Each of the nameless host processes corresponds to an address space inside this UML instance. Except for application and kernel threads, there's a one-to-one correspondence between UML processes and these host processes.

Notice that the properties of the UML processes and the corresponding host processes don't have much in common. All of the host processes are owned by me, whereas the UML processes have various owners, including root. The process IDs are totally different, as are the virtual and resident memory sizes.

This is because the host processes are simply containers for UML address spaces. All of the properties visible inside UML are maintained by UML totally separate from the host. For example, the owner of the host processes will be whoever ran UML. However, many UML processes will be owned by root. These processes have root privileges inside UML, but they have no special privileges on the host. This important fact means that root can do anything inside UML without being able to do anything on the host. A user logged in to a UML as root has no special abilities on the host and, in fact, may not have any abilities at all on the host.

Now, let's look at the memory usage information in /proc/meminfo, shown in Figure 2.6.

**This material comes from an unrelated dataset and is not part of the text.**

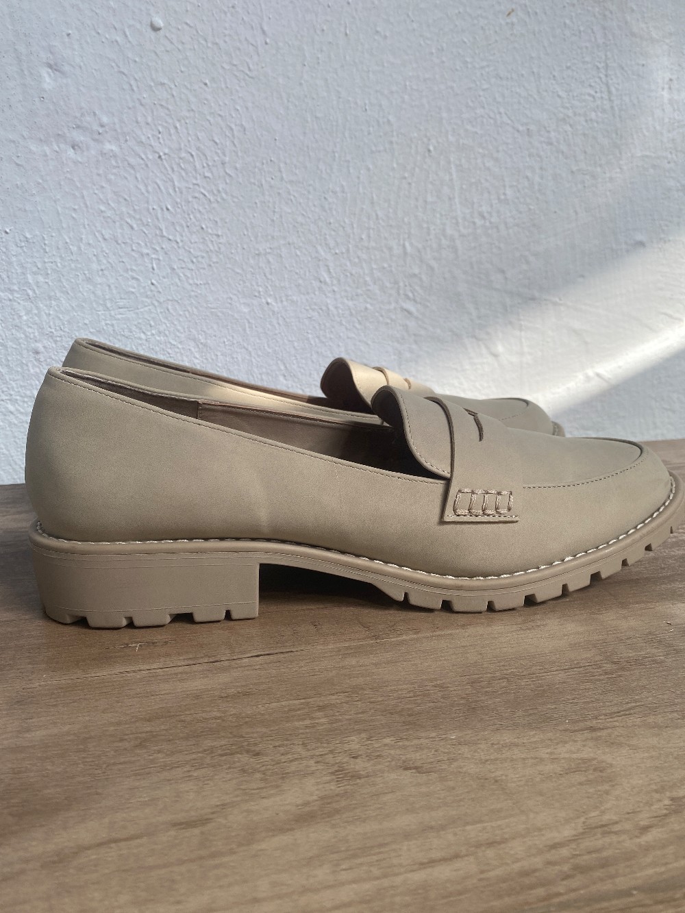 Crisp Classic Penny Loafers. Has a few blemishes from being stored. Size women's 10. Cream/Nude color.

Figure 2.6. The UML /proc/meminfo

 usermode:~# cat /proc/meminfo
 MemTotal:       126796 kB
 MemFree:        112952 kB
 Buffers:           512 kB
 Cached:           7388 kB
 SwapCached:          0 kB
 Active:           6596 kB
 Inactive:         3844 kB
 HighTotal:           0 kB
 HighFree:            0 kB
 LowTotal:       126796 kB
 LowFree:        112952 kB
 SwapTotal:           0 kB
 SwapFree:            0 kB
 Dirty:               0 kB
 Writeback:           0 kB
 Mapped:           5424 kB
 Slab:             2660 kB
 CommitLimit:     63396 kB
 Committed_AS:    23100 kB
 PageTables:        248 kB
 VmallocTotal:   383984 kB
 VmallocUsed:        24 kB
 VmallocChunk:   383960 kB

The total amount of memory shown, 126796K, is close to the 128MB we specified on the command line. It's not exactly 128MB because some memory allocated during early boot isn't counted in the total. Going back to the host ps output in Figure 2.5, notice that the linux processes have a virtual size (the VSZ column) of almost exactly 128MB. The difference of 50K is due to a small amount of memory in the UML binary, which isn't counted as part of its physical memory.

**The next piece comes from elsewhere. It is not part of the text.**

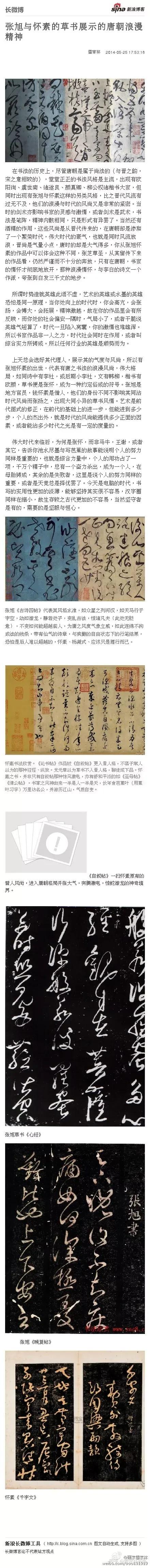 在书法的历史上,尽管唐朝是属于尚法的(与晋之韵,宋之意相较的),堂堂正正的书法风格是主流,出现有欧阳询、虞世南、褚遂良、颜真卿、柳公权诸楷书大家,但同时出现有张旭与怀素这样的另类风格,比之晋代风流有过无不及,他们的浪漫与时代的风尚又是非常的紧密。当时的剑术亦影响书家的灵感与激情,或者剑术是武术,书法是笔阵,精神内骸相同,只是形式有异罢了。当然还有酒精的作用,这些风尚是从晋代传来的,在唐朝却是渗和了一个繁荣时代,伟大时代的豪气,也就是同是风流放浪,晋尚是气量小点,唐时的却是大气得多,你从张旭怀素的作品中可以体会这种不同,张芝草圣,从其留传下来的作品看,仍然严谨而不十分的奔放,只有在唐朝,书家的情怀才彻底地放开,那种浪漫情怀,与李白的诗文一个作派,夸张到白发三千丈的地步。

Now, let's go back to the host ps output and pick one of the UML processes:

jdike    9938  0.1  3.1 131112 16264 pts/3  R    19:17   0:03 \
      ./linux [ps]

We can look at its open files by looking at the /proc/9938/fd directory, which shows an entry like this:

lrwx------ 1 jdike jdike 64 Jan 28 12:48 3 -> \
      /tmp/vm_file-AwBs1z (deleted)

This is the host file that holds, and is the same size (128MB in our case) as, the UML "physical" memory. It is created in /tmp and then deleted. The deletion prevents something else on the host from opening it and corrupting it. However, this has the somewhat undesirable side effect that /tmp can become filled with invisible files, which can confuse people who don't know about this aspect of UML's behavior.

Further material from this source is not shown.